We have used P. falciparum as a model to develop a systematic strategy for translating genomic sequence data into new vaccines. The steps are complementary to other approaches, including establishment of stage-specific expression of mRNA and attempts to predict subcellular localization from genomic sequence. However, our approach differs substantially in that we propose immediate construction of immunogens, use of antisera for establishing stage-specific protein expression and localization, and a rapid path toward clinical testing. In contrast to traditional vaccine development approaches, our strategy provides a means to rapidly use vast quantities of genomic sequence data for vaccine development regardless of the pathogen, and thus will greatly accelerate the screening of essential vaccines.

For P. falciparum, this approach would, at a minimum, provide data on the stage-specific expression and localization of most proteins in the genome and the association between mRNA and protein expression. Even more importantly, it will provide a systematic database against which the accuracy of current structure and localization predicting algorithms can be tested and refined. Finally, this approach will provide a repository of DNA vaccine plasmids encoding every protein in the genome that would be available to scientists throughout the world. Such data and reagents would be useful for drug and vaccine development, and for study of the parasite's biology.

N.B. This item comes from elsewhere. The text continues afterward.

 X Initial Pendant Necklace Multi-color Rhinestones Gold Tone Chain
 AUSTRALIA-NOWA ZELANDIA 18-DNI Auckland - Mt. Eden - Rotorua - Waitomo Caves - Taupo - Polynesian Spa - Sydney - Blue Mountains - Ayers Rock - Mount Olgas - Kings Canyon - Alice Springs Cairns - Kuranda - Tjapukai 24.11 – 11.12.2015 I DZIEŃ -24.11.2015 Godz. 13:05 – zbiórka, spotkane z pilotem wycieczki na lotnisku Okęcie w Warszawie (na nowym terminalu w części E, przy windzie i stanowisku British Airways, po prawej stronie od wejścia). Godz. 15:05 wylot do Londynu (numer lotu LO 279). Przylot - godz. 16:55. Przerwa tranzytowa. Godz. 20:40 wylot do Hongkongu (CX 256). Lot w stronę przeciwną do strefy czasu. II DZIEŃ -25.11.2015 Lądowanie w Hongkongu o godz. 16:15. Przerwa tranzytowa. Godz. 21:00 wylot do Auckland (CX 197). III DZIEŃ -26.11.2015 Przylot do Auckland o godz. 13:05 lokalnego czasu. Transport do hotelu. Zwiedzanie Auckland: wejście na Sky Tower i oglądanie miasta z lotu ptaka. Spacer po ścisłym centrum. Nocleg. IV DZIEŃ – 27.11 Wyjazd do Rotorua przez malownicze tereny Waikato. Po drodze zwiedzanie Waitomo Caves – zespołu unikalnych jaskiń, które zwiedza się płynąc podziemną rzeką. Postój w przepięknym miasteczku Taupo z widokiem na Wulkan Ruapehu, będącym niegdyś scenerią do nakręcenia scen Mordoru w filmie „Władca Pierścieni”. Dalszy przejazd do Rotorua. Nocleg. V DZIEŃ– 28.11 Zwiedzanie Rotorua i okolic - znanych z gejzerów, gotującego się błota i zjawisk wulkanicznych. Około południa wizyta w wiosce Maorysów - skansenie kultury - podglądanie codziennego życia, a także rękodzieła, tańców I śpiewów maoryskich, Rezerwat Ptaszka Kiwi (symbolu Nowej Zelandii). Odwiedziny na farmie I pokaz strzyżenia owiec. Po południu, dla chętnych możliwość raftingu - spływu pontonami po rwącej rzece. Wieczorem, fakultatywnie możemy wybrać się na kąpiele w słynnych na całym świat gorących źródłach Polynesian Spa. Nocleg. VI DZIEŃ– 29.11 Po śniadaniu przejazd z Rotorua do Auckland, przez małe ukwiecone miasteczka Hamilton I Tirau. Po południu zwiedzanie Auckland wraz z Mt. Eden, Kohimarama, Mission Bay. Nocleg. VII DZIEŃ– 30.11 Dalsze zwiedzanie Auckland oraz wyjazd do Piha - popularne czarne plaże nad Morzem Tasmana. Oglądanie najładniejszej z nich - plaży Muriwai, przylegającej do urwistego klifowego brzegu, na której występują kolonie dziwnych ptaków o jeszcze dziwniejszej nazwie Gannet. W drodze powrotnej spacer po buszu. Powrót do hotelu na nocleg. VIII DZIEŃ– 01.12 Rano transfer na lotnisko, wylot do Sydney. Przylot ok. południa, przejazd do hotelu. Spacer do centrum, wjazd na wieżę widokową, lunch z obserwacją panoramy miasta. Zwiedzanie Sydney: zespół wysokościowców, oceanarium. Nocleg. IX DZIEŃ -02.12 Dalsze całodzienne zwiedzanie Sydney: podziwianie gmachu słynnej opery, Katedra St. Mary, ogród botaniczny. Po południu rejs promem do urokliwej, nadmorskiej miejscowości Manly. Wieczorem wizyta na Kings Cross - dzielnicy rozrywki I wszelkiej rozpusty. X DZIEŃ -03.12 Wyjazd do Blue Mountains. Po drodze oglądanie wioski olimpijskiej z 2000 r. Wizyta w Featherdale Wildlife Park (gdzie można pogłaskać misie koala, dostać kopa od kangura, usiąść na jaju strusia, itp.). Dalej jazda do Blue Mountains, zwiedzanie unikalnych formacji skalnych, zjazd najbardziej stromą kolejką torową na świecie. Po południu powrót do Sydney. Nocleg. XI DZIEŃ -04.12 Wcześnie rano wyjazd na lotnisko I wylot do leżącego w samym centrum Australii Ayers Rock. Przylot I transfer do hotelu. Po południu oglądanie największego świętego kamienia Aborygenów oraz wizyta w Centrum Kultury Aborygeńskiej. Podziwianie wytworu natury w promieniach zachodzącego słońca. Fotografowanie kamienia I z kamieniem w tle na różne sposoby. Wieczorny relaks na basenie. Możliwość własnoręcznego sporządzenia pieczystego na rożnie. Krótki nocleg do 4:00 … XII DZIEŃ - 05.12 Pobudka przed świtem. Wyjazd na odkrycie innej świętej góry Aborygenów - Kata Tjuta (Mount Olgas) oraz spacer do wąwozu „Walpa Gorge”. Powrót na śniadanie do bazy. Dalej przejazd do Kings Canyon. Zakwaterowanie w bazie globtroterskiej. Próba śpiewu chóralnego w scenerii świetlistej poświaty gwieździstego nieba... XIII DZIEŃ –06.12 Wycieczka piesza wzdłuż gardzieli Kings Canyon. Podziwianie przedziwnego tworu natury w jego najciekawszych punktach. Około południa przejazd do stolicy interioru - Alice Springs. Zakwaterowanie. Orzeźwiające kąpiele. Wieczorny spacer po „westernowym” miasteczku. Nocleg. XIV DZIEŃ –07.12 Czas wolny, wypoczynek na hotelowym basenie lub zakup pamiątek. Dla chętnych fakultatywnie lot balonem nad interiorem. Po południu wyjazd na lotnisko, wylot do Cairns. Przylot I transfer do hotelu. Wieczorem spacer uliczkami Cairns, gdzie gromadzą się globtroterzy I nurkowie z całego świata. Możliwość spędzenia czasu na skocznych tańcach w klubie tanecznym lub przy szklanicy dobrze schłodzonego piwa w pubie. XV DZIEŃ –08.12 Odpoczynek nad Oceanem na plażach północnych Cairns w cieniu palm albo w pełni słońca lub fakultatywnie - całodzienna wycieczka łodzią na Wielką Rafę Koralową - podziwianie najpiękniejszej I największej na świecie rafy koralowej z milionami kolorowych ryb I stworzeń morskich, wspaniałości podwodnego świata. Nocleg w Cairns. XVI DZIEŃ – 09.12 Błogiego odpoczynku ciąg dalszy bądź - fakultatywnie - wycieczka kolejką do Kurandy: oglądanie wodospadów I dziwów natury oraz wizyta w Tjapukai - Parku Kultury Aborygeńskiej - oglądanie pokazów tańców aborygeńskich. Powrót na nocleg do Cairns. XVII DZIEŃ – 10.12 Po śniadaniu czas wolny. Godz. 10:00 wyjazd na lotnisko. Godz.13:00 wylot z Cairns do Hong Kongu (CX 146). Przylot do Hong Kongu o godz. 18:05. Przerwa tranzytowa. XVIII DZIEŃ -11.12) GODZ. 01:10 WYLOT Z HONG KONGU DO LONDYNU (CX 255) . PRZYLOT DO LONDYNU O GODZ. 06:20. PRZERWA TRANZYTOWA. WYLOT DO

Advances in microbial genomic sequencing and the publishing of 16 microbial genomes in the last 3 years have been made possible in part by incremental advances in sequencing technology, and bioinformatics. Nonetheless, for chromosome 2, painstaking preparation of DNA and sequencing libraries, tens of thousands of sequencing reactions, a year of assembly, closure, and annotation, and more than US$1.5 million were required to produce and validate the sequence of 3 percent of the P. falciparum genome. This same process is now being used for the rest of the P. falciparum genome, and for those of many other complex pathogens. Any approach to using these sequence data for vaccine development that does not envision the same degree of investment and effort would be shortsighted, inefficient, and potentially wasteful. In the case of malaria, which kills 3,000–10,000 children every day, it could be lethal.

Scheme for development of a malaria pre-erythrocytic vaccinome. DNA vaccine plasmids are constructed from each of the thousands of identified open reading frames in the genome and used to immunize groups of mice. Antisera from each immunized group is then used to identify the proteins expressed in irradiated sporozoite-infected hepatocytes. From the protein sequence of hundreds of expressed proteins, the full complement of degenerate HLA superfamily binding motifs are selected and validated experimentally. The DNA sequences of the selected T-cell epitopes are linked together on numerous plasmids. The result is the production of a vaccine comprised of tens to hundreds of DNA vaccine plasmids each containing dozens of individual T cell epitopes.